After spending years working alongside synthetic chemists, I’ve seen firsthand how fresh compounds push boundaries. 2-(2,4-Dichloro-5-fluorobenzoyl)-3-cyclopropylaminoacrylic Acid Ethyl Ester enters the conversation as a standout model, not a vague improvement over long-standing compounds, but a deliberate response to unresolved hurdles. The addition of dichloro and fluorine groups—together with the cyclopropyl and ethyl ester elements—suggests a deliberate approach to chemical design, where every atom plays a clear purpose. That careful arrangement does more than sound impressive on paper; it often marks the difference between a reaction failure and success in the real world.

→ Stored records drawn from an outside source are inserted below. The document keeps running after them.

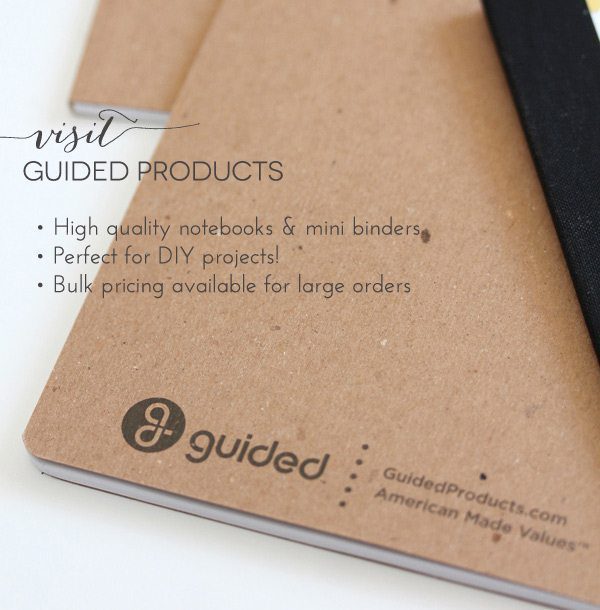 For the notebooks, I opted for 5×8″ notebooks from Guided Products, an awesome company that sells simple paper supplies all created from recyced materials. They even sell those coveted kraft mini binders that are popular for creating birthday binders! While you can definitely replicate this project with traditional composition notebooks, I love that the notebooks from Guided Products don’t contain any graphics or printing on the inside of the covers, making for a clean and neat finished product.
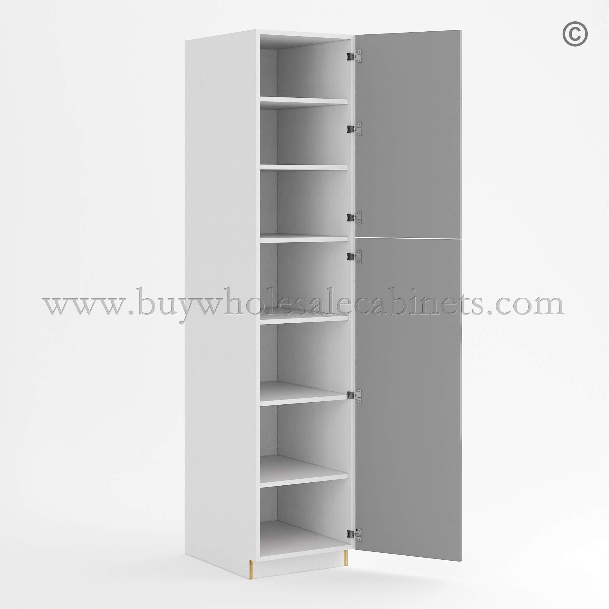 This RTA cabinet frameless gray tall pantry will complete your kitchen! Design your perfect kitchen and check out our selection of Frameless Gloss Gray Cabinets.
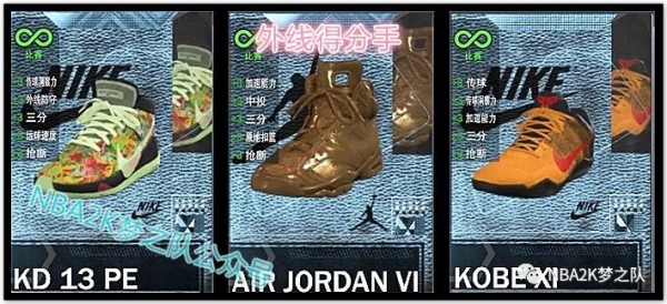 下面这三双鞋可以同时提升三分、抢断和加速(运速),而且另外两个属性也都不算太差,算是目前三分钻鞋的首选了。这其中我认为KD13最好、乔6次之、科比11因为有两项传球属性,所以最后考虑。

Scientists rarely work in isolation from the challenges before them. On research benches cluttered with glassware, in process labs humming with analytic equipment, every day can feel like a new trial for reliability and creativity. This molecule’s distinctive structure, built around a benzoyl group boasting both chlorine and fluorine substitutions, produces measurable differences in solubility and reactivity compared to simpler analogs. The choice of a cyclopropylamino substituent isn’t just academic; it impacts how the compound interacts during synthesis, how stable it remains under varying laboratory conditions, and how it unlocks pathways for making new drug-like molecules.

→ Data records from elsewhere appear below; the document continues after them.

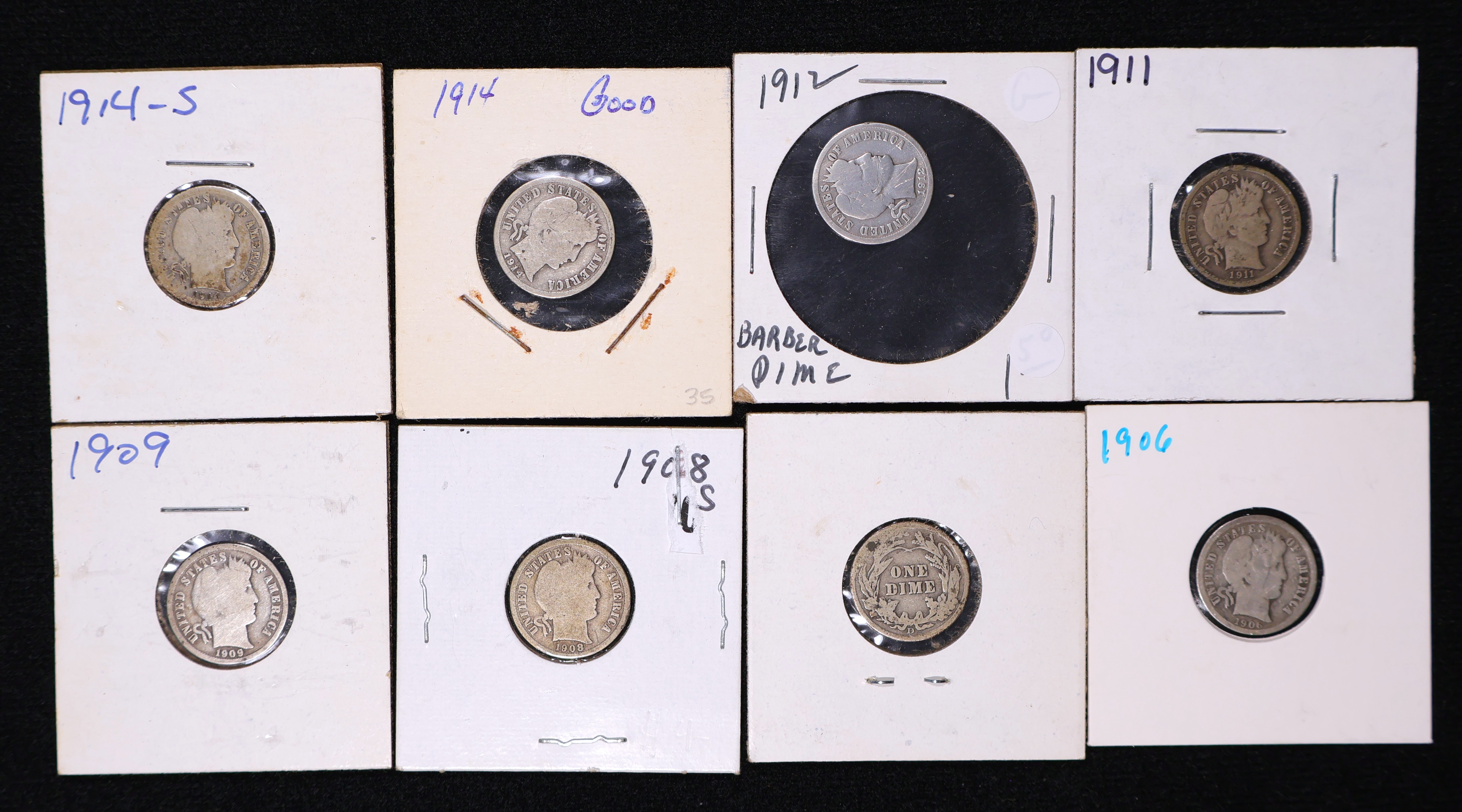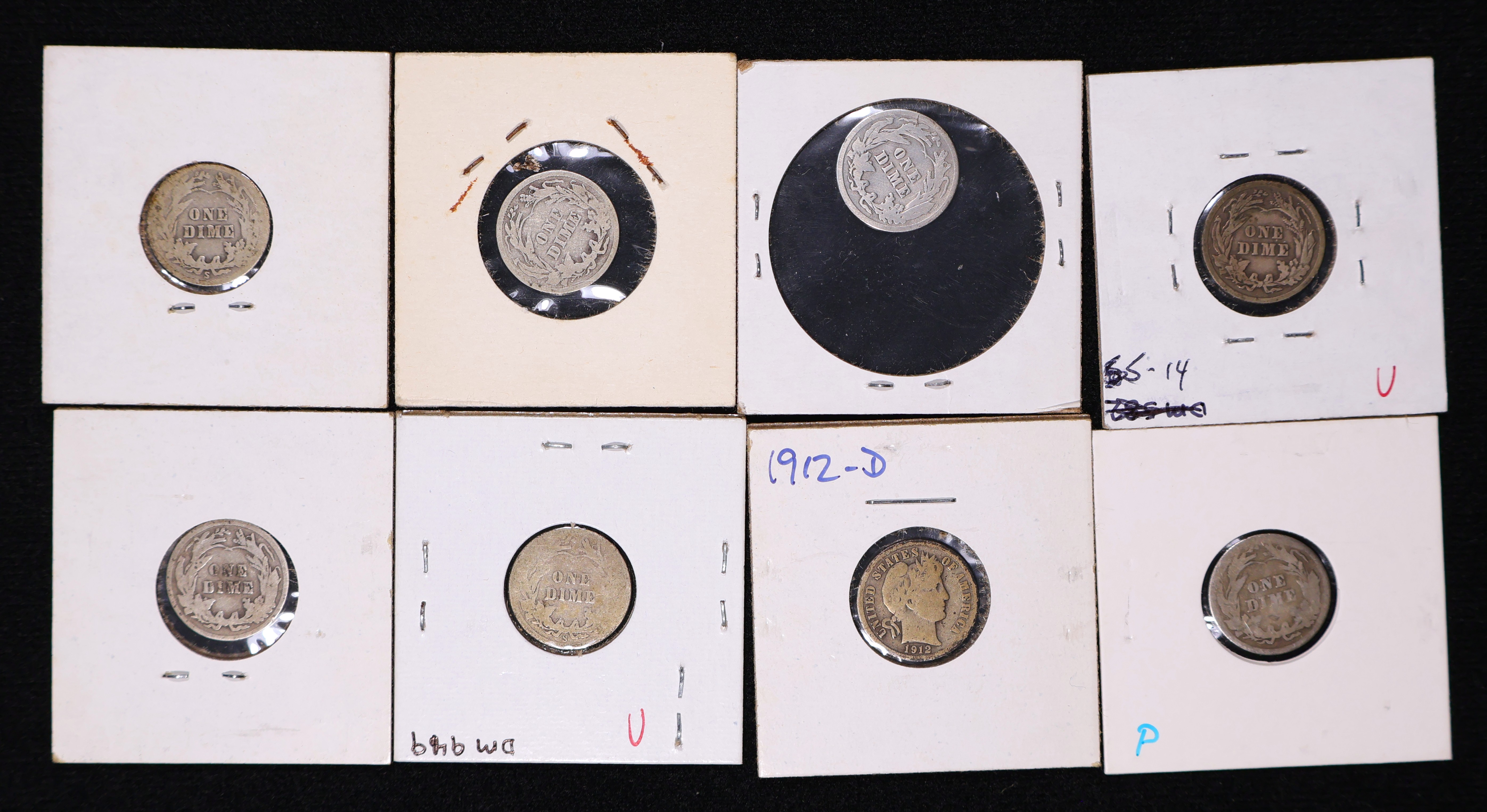 (8) Barber Silver Dime Fine to Good Lot
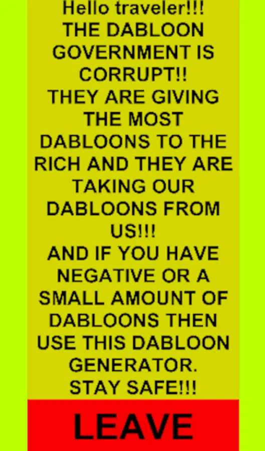 --*The Dabloon Government is corrupt and they are taking Dabloons from you!--*
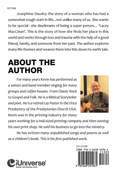 Josephine Daudry: the story of a woman who has had a somewhat rough start in life...not unlike many of us. She wants to be special - she daydreams of being a super person... 'Lacey MacClean'. This is the story of how she finds her place in this world and works through loss and trauma with the help of a good friend, family, and someone from her past. The author explores many life themes and weaves them into this down to earth tale.
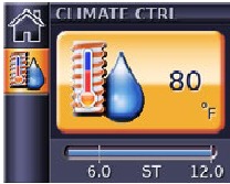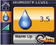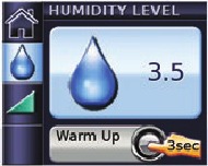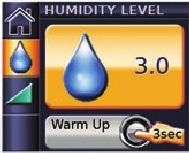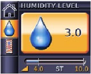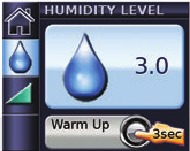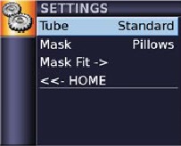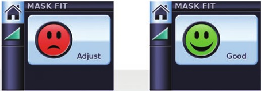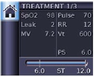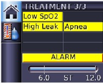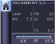 Bosim paneli: Ikki darajali rejimda bosim panelidagi qat'iy vertikal chiziqlar chiqarish va ilhomlantiruvchi bosimlarni ko'rsatadi. Davolash kuchayayotgan paytda (to'q sariq ramp belgisi bilan ko'rsatilgan) yoki o'zgaruvchan bo'lsa, bosim qiymatlari to'q sariq rangda paydo bo'ladi. Belgilangan bosimga erishilganda, bu qiymatlar oq rangda ko'rsatiladi. CPAP rejimida faqat belgilangan bosim ko'rsatiladi.

Chemists have long understood that replacing hydrogen with fluorine or chlorine can increase metabolic stability or binding selectivity—a critical factor in pharmaceutical discovery efforts. The ethyl ester function brings its own advantages, improving handling properties and influencing how well a compound integrates into downstream chemistry. These modifications aren’t theoretical. In the hands of skilled researchers, they turn what would be a standard acrylic derivative into a valuable intermediate, capable of bridging gaps where other reagents stall out.
In my years overseeing small-molecule synthesis, colleagues and I have grown cautious around unproven intermediates. New molecules can pose storage headaches or unwanted hazards, derailing months of planning. Stepping into these waters, 2-(2,4-Dichloro-5-fluorobenzoyl)-3-cyclopropylaminoacrylic Acid Ethyl Ester distinguishes itself by showing a reliable balance: neither dangerously volatile nor unmanageably sticky, it fits into standard lab protocols without extra drama. This translates to fewer wasted hours and less risk of ruined batches, a blessing for both educational chemistry programs and pressured industrial settings.

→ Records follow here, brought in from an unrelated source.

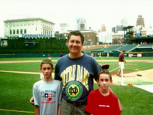 Maybe you're thinking "Hey, you forgot something", but unfortunately we did not make a trip in 2002, and just narrowly got one in this year! Throughout the summer we were talking about going, but for some now-forgotten reason, Mike did not want to go. So Dad planned a one day trip where we leave from Michigan and watch a game at Comerica Park. This was one of the more fancy parks, especially the entrance with the tiger statues. This trip was so late, I don't even know if it was still considered summer, August 31, 2003! Although Mike did not come, this was still one of the more memorable trips. This the Alomar brothers both played for us and Esteban Loaiza (ya remember him) got his 18th Win. He shut down the Tigers 6-1 and the Sox record went to 73-64 - 1st place! The Tigers had a miserable time, moving to 34-101, a laughable 38 games back of the Sox. This was a nice looking team, with C Lee, Big Hurt, Mags, Carl Everett, and PK in the middle of the lineup. Again, I caught a ball, but two this time, one during the game thrown over the Sox dugout, and one at the end of the game at th esame spot by, who I believe to be Carl Everett. To end the day we had another great memory, Mark and I ran the bases along with hundreds of other kids and we got a picture on the field. I still remember talking about how close to Toranto we were while driving...maybe one day.
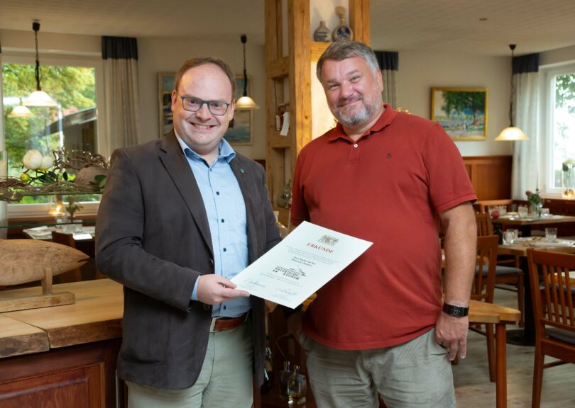 Bericht: Prien Marketing GmbH – Das Restaurant „Zum Fischer am See“, Harrasser Straße 145, erhält für seine regionalen Fischspezialitäten das Qualitätssiegel „Ausgezeichnete Bayerische Küche“. Der Erste Bürgermeister der Marktgemeinde Prien a. Chiemsee Andreas Friedrich (im Bild links) gratuliert dem Inhaber Oliver Leyk: „Ihr Familienbetrieb ist ein Aushängeschild für unseren Genussort Prien – herzlichen Dank für Ihr bereicherndes kulinarisches Angebot.“
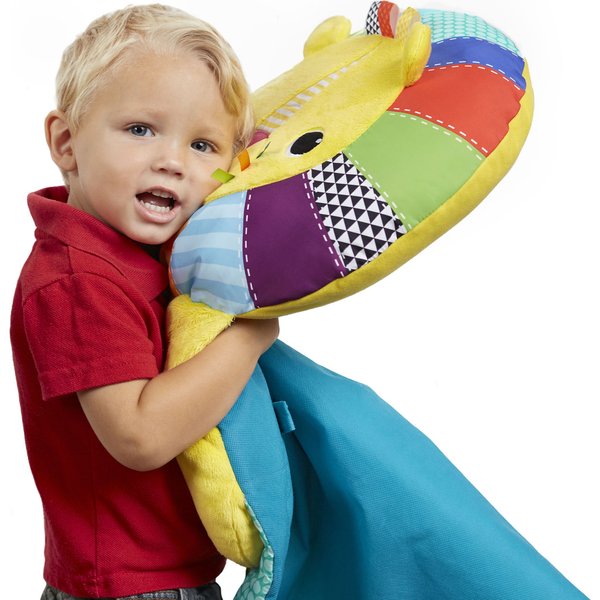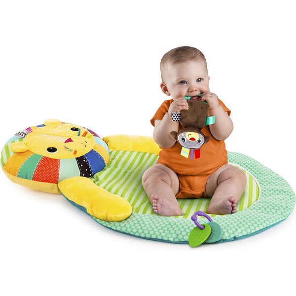 Mata wykończona jest grubą, niezwykle komfortową poduszką w kształcie lwa, która została dołączona do maty na stałe.
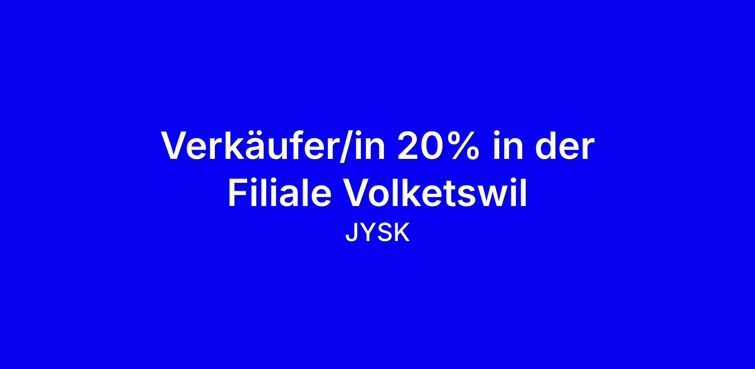Die Stelle Verkäufer/in 20% in der Filiale Volketswil bei JYSK richtet sich an kontaktfreudige Verkaufsprofis, die Top-Service liefern und eigenständig Bereiche wie Matratzen oder Möbel betreuen möchten. Du sorgst für einen ansprechenden Verkauf, hältst die Filiale sauber und bist an der Warenannahme und -einlagerung beteiligt, inklusive Wochenendbereitschaft. JYSK bietet dir Entwicklungsmöglichkeiten, Mentoring, interne Filialen-Wettbewerbe, Umsatzboni, 20% Mitarbeiterrabatt, erstklassige Pensionskassenleistungen, 5 Wochen Ferien (mit Steigerung nach Dienstjahren) und vielseitige Zusatzleistungen. Wichtig sind deine Teamfähigkeit, Hands-on-Mentalität, Flexibilität und Freude am Gespräch. Zeig in deiner Bewerbung, wie du Kunden begeisterst, übernimm Verantwortung und bringst dich in einem dynamischen Umfeld ein; bewirb dich noch heute über die JYSK-Karriereseite.

Many professionals choosing intermediates pay close attention to documentation, impurity profiles, and reproducibility—not just in theory, but in the daily grind of scale-up and product characterization. Early reports from academic groups and private laboratories indicate that batches of this compound not only arrive as advertised but also maintain purity after weeks of storage under commonly used conditions. That detail might sound minor, yet it carries outsized weight for anyone running parallel experiments or feeding the compound into long, multistep syntheses.
Any discussion on chemical products brings the inevitable question: “What makes this one different from those that came before?” In a market crowded with generic benzoyl derivatives and countless acrylate esters, standing out demands more than a new name. This specific model, with its combination of halogen atoms and a sterically protected cyclopropyl group, provides key differences—especially for those frustrated by low yields or side-reactions from simpler analogs.
Several years back, I struggled with stalled reaction progress using traditional acrylic acid esters. Introducing chlorine and fluorine substituents shifted the melting and boiling characteristics just enough to open up new reaction possibilities. With the addition of a cyclopropylamino group, we fine-tuned reactivity further, improving selectivity during cross-coupling reactions. That specificity can make a multi-step sequence manageable, where generic counterparts bring too many impurities or unpredictable side products.
Structural tweaks matter at every step. Some analogs, lacking either the dichloro or the fluoro modifications, tend to degrade faster under heat or strong light—bad news for projects that can’t tolerate instability. Others, missing the ethyl ester, lead to handling headaches, shifting from sticky oils to rock-hard solids that fight pipettes and stir bars. In use, 2-(2,4-Dichloro-5-fluorobenzoyl)-3-cyclopropylaminoacrylic Acid Ethyl Ester sits in the sweet spot between process robustness and chemical performance.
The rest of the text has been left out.